Publishing Musicology Digitally

In the grant proposal for Transforming Musicology we committed to the production of a

book covering the research undertaken in the project in some depth. As envisaged then,

it was to have been a conventional publication, with an online version offering a degree

of extra linkage and embedding some digital material. This was modelled on the notion

of preparing traditional scholarship for Web publication. However, with much of our

data, methods and findings now published as Linked Data, our emphasis has shifted

sharply towards online presentation as our primary outlet, with a summary print

publication.
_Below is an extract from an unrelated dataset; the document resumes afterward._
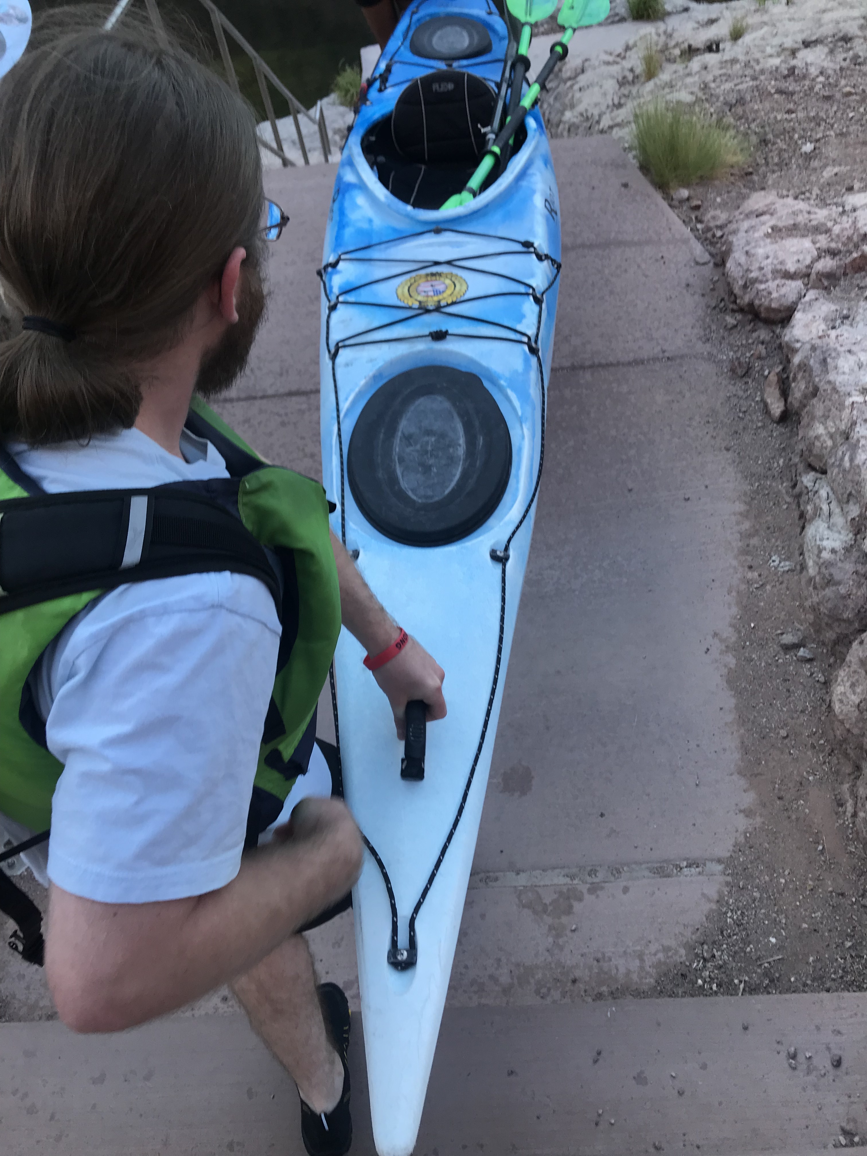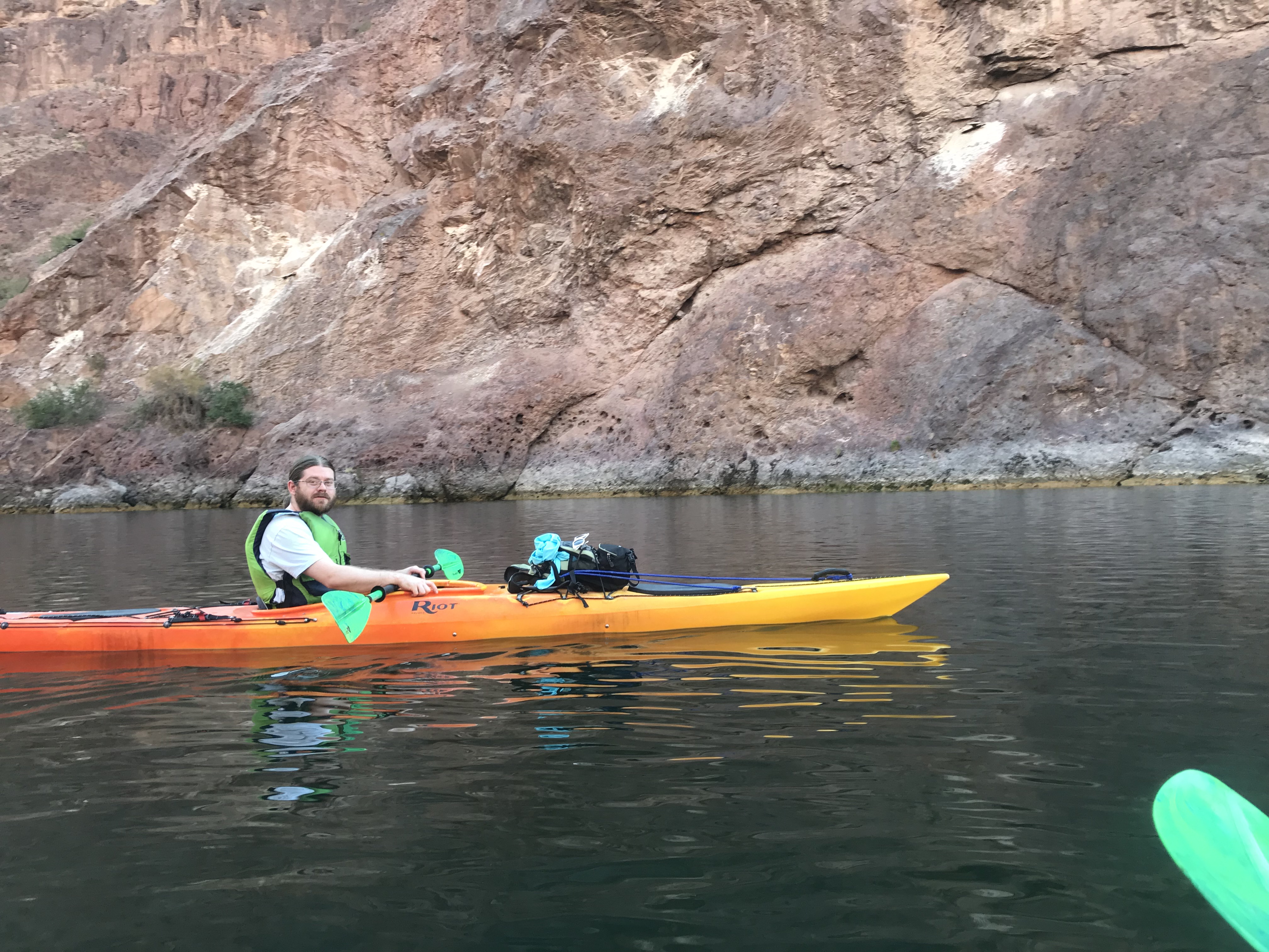 The last stretch of the drive to the Hoover Dam was gorgeous as the dam came into view. Once parked, we were driven down the winding road to the base of the hoover dam where we grabbed our kayaks and were given a quick tutorial on how to maneuver them before embarking on our 14 mile kayaking trip with our tour guide.

This requires us to design an information architecture accommodating the

needs of scholarly music publishing, and to work out an authoring strategy, ideally one

involving TEI, and an editing strategy resulting in high quality hypertext. This allows us

to embed and link dynamic music examples by using the TEI-compatible Music Encoding

Initiative (MEI). For example, rather than static music examples, we can display extracts

from complete scores as examples, and allow users to select a passage as a query to an

MIR system. Another possibility that comprehensive markup allows is curating dynamic

reading paths for different readerships. The content must be edited into re-combinable

chunks, each carrying information about how they may be re-combined. Reading paths

might include: a research findings report on Transforming Musicology; a handbook on

digital musicology methods; a focussed discussion of a particular digital methods; or an

authorial/editorial reading path (as in a conventional book). In this way we shall widen

access to broader audiences by allowing readership interactions such as annotating or

commenting, or crowd-source-like contributions to our (meta)data sets. We shall also

build reading paths suited to lay audiences, opening musicology to scientists and

engineers interested in music, and also offering a palatable way into advanced digital

technology for musicologists and musicians.